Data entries
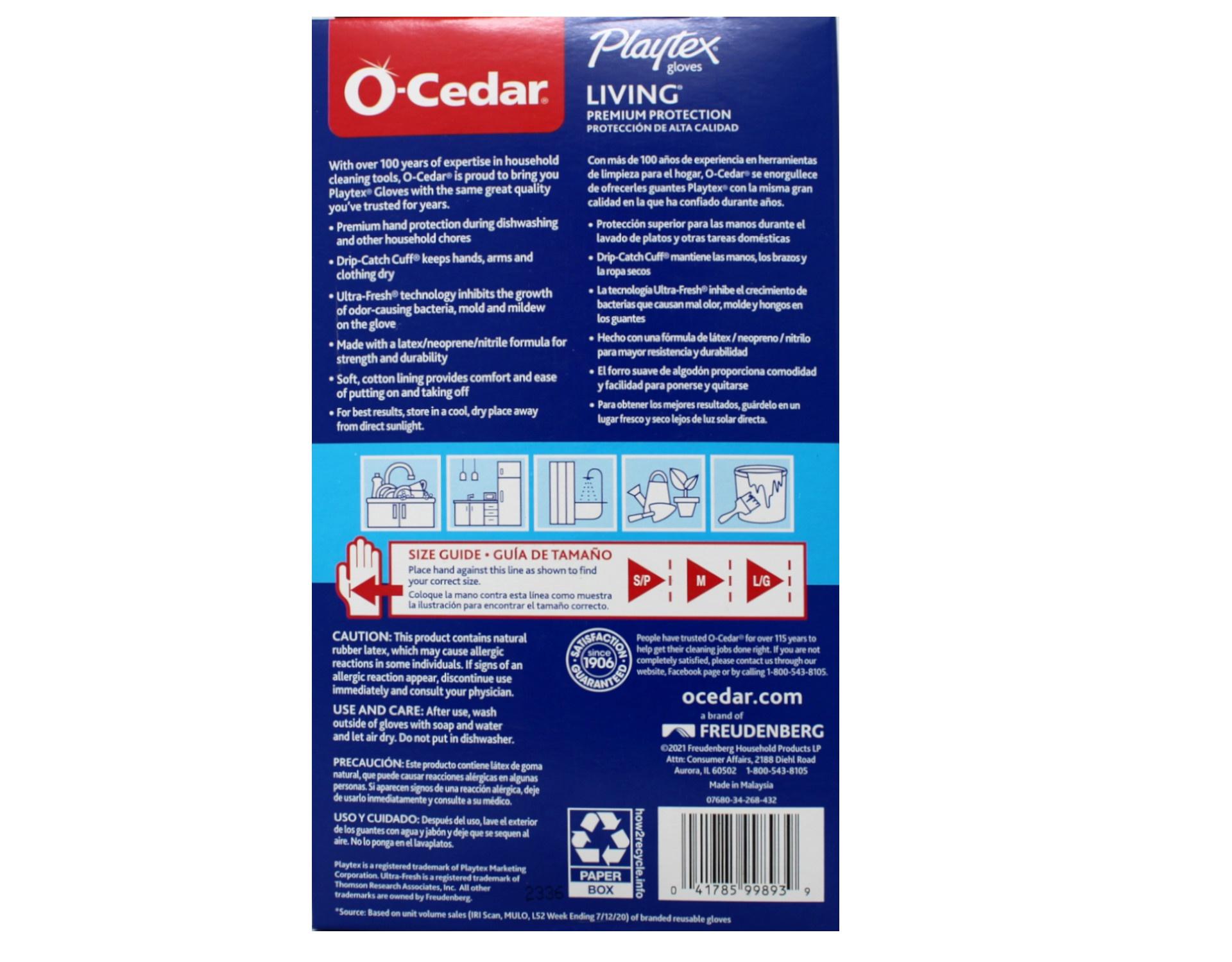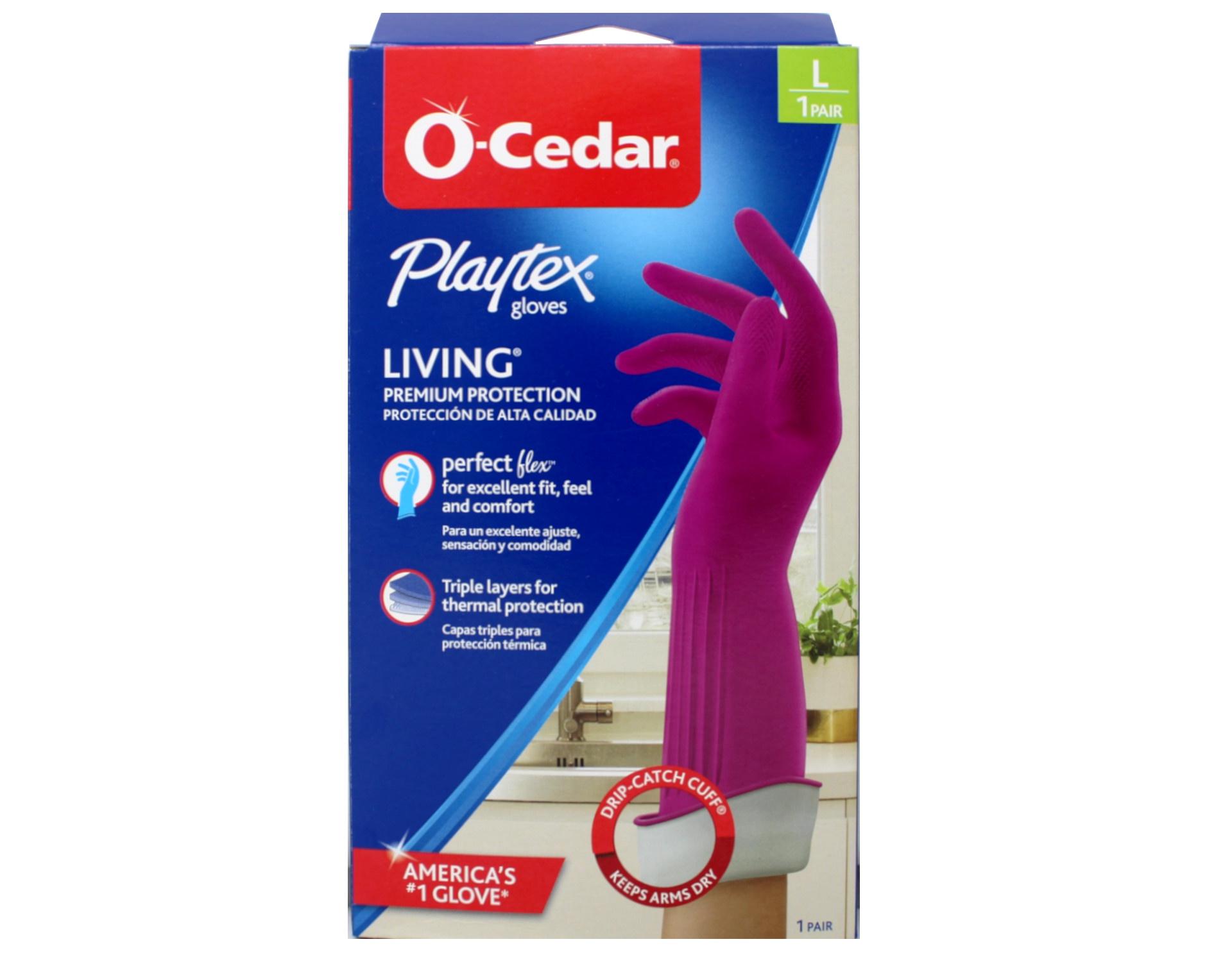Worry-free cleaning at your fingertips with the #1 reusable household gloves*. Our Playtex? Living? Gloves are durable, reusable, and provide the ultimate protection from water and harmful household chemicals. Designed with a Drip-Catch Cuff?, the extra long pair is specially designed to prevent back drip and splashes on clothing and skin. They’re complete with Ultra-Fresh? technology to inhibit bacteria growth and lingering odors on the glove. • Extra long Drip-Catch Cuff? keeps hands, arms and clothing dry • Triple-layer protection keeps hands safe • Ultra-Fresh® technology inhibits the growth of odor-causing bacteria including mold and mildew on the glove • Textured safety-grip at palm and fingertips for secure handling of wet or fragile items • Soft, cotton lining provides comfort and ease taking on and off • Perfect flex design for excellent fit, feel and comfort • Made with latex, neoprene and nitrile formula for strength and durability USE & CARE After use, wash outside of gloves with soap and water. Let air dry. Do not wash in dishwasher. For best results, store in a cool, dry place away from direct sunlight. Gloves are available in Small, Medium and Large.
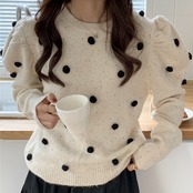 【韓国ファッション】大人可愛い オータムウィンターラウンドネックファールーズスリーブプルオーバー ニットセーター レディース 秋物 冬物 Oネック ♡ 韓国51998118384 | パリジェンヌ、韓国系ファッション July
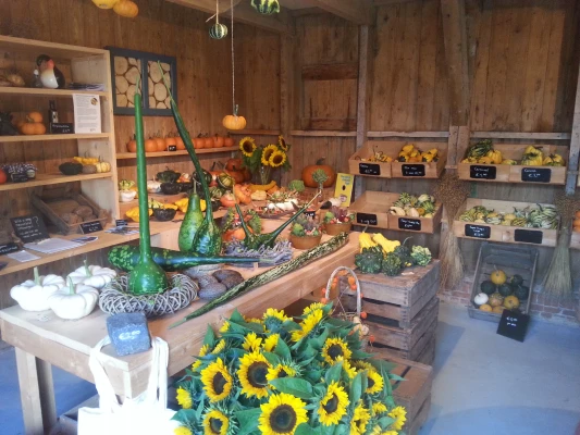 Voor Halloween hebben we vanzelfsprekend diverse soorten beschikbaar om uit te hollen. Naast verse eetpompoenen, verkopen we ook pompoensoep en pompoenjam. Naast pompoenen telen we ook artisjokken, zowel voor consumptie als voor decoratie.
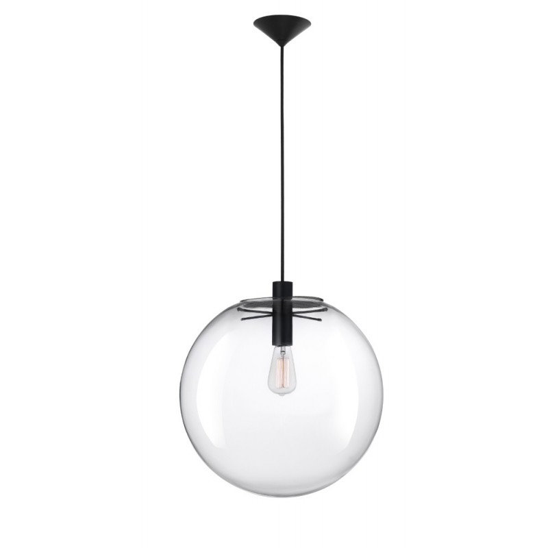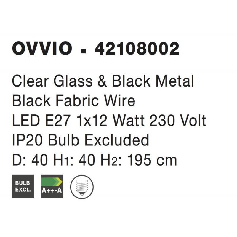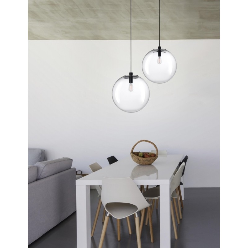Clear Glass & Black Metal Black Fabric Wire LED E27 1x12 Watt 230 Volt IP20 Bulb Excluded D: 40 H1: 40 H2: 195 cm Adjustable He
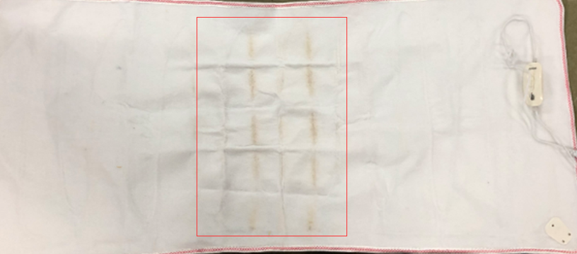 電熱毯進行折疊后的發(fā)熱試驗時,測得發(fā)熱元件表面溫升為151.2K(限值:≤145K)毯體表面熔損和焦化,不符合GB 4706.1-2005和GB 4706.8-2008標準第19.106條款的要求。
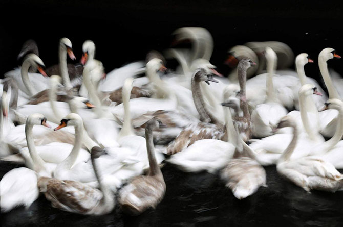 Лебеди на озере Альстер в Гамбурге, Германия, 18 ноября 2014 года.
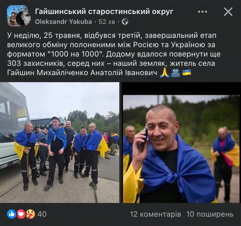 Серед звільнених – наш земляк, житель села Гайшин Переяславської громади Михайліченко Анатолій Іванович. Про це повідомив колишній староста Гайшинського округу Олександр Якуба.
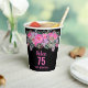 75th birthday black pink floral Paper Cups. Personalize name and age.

## What the task requires
Look above and copy only the lines from the one holding "韓国51998118384 | パリジェンヌ、韓国系ファッション July" to the one holding "Voor Halloween hebben", both included, exactly, minus the pictures.

## Task output
 【韓国ファッション】大人可愛い オータムウィンターラウンドネックファールーズスリーブプルオーバー ニットセーター レディース 秋物 冬物 Oネック ♡ 韓国51998118384 | パリジェンヌ、韓国系ファッション July
 Voor Halloween hebben we vanzelfsprekend diverse soorten beschikbaar om uit te hollen. Naast verse eetpompoenen, verkopen we ook pompoensoep en pompoenjam. Naast pompoenen telen we ook artisjokken, zowel voor consumptie als voor decoratie.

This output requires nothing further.